Re: How does a SAN connect to a computer?





"Ian Boyd" <ian.borlandnews010@xxxxxxxxxxxx> wrote in message news:4884eb48$1@xxxxxxxxxxxxxxxxxxxxxxxxx
i've heard of this mythical thing called a SAN (Storage Area Network). It's not a hard drive. It's not a RAID array. It's not a fileserver on the network. It's not a fast connection to a bunch of fast hard drives.

Wikipedia says that it's a special device that appears as though it's locally attached, but really it's not:

"In computing, a storage area network (SAN) is an architecture to attach remote computer storage devices (such as disk arrays, tape libraries and optical jukeboxes) to servers in such a way that, to the operating system, the devices appear as locally attached."


They indicate that a SAN is a black-box that acts like a giant hard drive, with mirroring, failover, expandable by adding more hard drives, etc.

So if it's external to the computer, you must connect to it somehow. But if it acts like a hard-drive, it must be connected line a hard-drive.

Does a SAN connect to a pc using something like external SCSI (whether it be fibre or not), or external SATA? Does it require a custom PCI expansion card to do connection?

A raid array is a big box that has a lot of disks in it. In the enterprise configurations the box appears as a set of drives that can be configured and made available to a set of mini computers or PC's (I suppose). The problem with large RAID arrays is the disks are inexpensive, but the boxes are incredibly expensive and also they provide a single point of failure. If you're data center has an outage then your company has an outage unless you have duplicate data centers, and so the costs sky rocket.

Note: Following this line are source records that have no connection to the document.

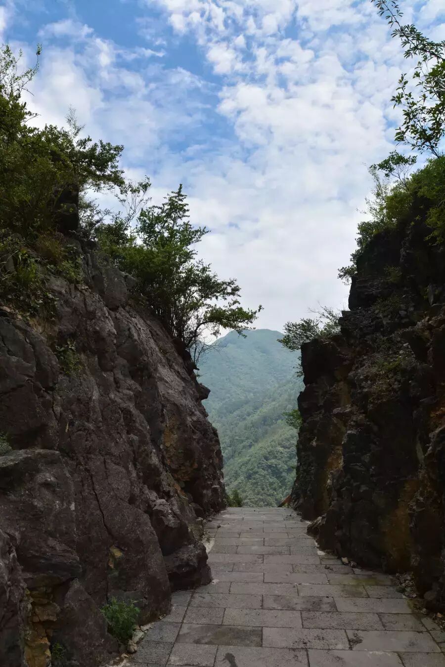 再沿着山中栈道前行,途中绿荫盖天,山岩之上绿意盎然,满目清新。峰回路转之后,一面灰黑岩壁映入眼前,山峰裸露突兀,像一只鸡冠戴在山巅。奇峻山岭像张家界的秀丽山势,如同一幅水墨画般。
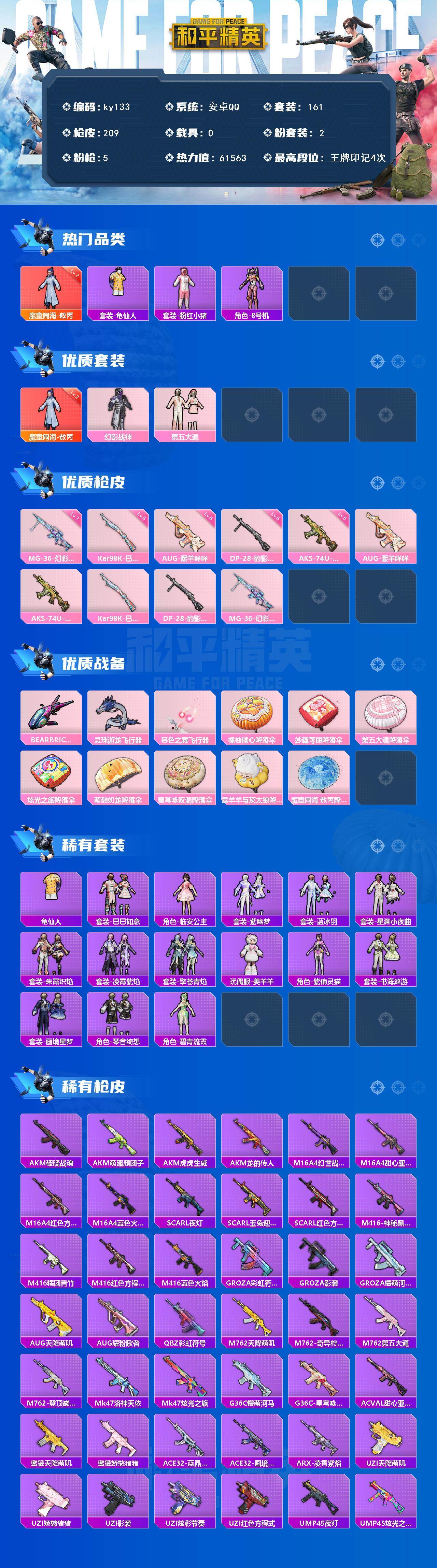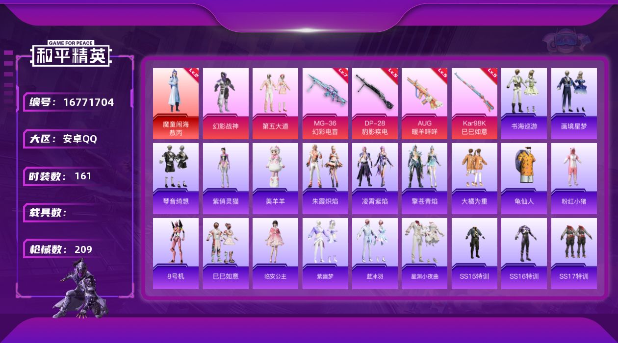 [16771704]安卓 手Q-1神装-2粉装-5特效枪-0载具-4粉色飞行器-61563热力值-4王牌印记-161套装-209枪皮 【红色神装等级】:魔童闹海-敖丙(二级) 【红色角色神装】:魔童闹海-敖丙 【热门品类】:套装-龟仙人,套装-粉红小猪,角色-8号机 【粉色套装】:粉装-幻影战神,粉装-第五大道 【粉色枪皮等级】:AUG-暖羊咩咩(五级),AKS-74U-森灵之息(五级),Kar98K-巳巳如意(五级),DP-28-豹影疾电(五级),MG-36-幻彩电音(七级) 【粉色枪皮】:AUG-暖羊咩咩,AKS-74U-森灵之息,Kar98K-巳巳如意,DP-28-豹影疾电,MG-36-幻彩电音 【粉色飞行器】:炫彩糖果飞行器,BEARBRICK飞行器,灵珠游龙飞行器,暮色之舞飞行器 【粉色降落伞】:橘柚倾心降落伞,妙趣可丽降落伞,第五大道降落伞,炫光之旅降落伞,萌酷奶龙降落伞,星穹咏叹调降落伞,喜羊羊与灰太狼降落伞,魔童闹海 敖丙降落伞,炫彩糖果降落伞 【稀有套装】:套装-龟仙人,套装-巳巳如意,套装-雪国风尚,套装-炫彩糖果,角色-临安公主,套装-紫幽梦,套装-蓝冰羽,套装-星渊小夜曲,套装-朱霞炽焰,套装-凌霄紫焰,套装-擎苍青焰,玩偶服-美羊羊,角色-紫俏灵猫,套装-书海巡游,套装-画境星梦,套装-琴音绮想,角色-碧青流霞 【稀有枪皮】:AUG-冰晶雪宝,AKM-破晓战魂,AKM-萌趣颜团子,AKM-虎虎生威,AKM-龙的传人,M16A4-幻世战舞者,M16A4-甜心亚梦,M16A4-红色方程式,M16A4-蓝色火焰,SCAR-L-夜灯,SCAR-L-玉兔迎春,SCAR-L-红色方程式,M416-神秘黑猫,M416-糯团青竹,M416-红色方程式,M416-蓝色火焰,GROZA-彩虹符号,GROZA-影袭,GROZA-懵萌河马,AUG-天降萌叽,AUG-耀粉歌者,QBZ-彩虹符号,M762-天降萌叽,M762-奇异狩猎者,M762-第五大道,M762-登顶巅峰,Mk47-洛神天依,Mk47-炫光之旅,G36C-懵萌河马,G36C-星穹咏叹调,AC-VAL-甜心亚梦,蜜獾-天降萌叽,蜜獾-娇憨猪猪,ACE32-蓝晶绮麟,ACE32-画境星梦,ARX-凌霄紫焰,UZI-天降萌叽,UZI-娇憨猪猪,UZI-影袭,UZI-炫彩节奏,UZI-红色方程式,UMP45-夜灯,UMP4
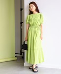 【夏の主役ワンピース♡】爽やかで華やかなグリーンのワンピースは、可愛らしい雰囲気にサイドのカットアウトがオトナな一着。肌が出る面積は、リボンの締め具合で調節が効きます♪丈はフルレングスなので、やや長めのデザイン。ストライプ見えする素材感なので、縦のラインが強調されてスタイルアップ効果もアリ♡付襟にチュールで思いっきりガーリーにスタイリングしました! ビームス みなとみらい / デグチ アツミ
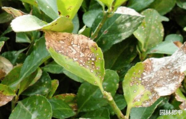图为黄杨叶片发生病害
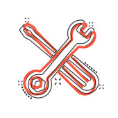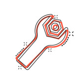 Zdjęcie "Ikona klucza w komicznym stylu. Klucz klawisz klawisz kreskówki ilustracja wektor na białym odizolowanym tle. Koncepcja biznesowa efektu rozprysku sprzętu naprawczego." może być wykorzystywane do celów osobistych i komercyjnych zgodnie z warunkami zakupionej licencji Royalty-free. Obraz jest dostępny do pobrania w jakości wysokiej rozdzielczości do 5760x3840.
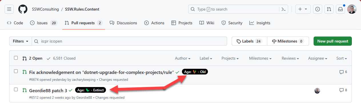 - Ensuring PRs don't stay open for too long - you could use SSW Dory to automatically inform you of any outstanding PRs

The idea with SAN, as far as I understand it, is that the box is removed from the equation. You end up with a bunch of disks in boxes anywhere in the network that you can attach to. How you attach to the drives and the protocols and so on depend on the implementation. The management software for this has to be fairly sophisticated as you can imagine. In a large enterprise it is conceivable that many raid arrays could be a part of your SAN, and likewise your SAN could consist of boxes with sata drives spread around the building/enterprise or any mix of these. It removes the single point of failure but trades it for increased management costs and network infrastructure.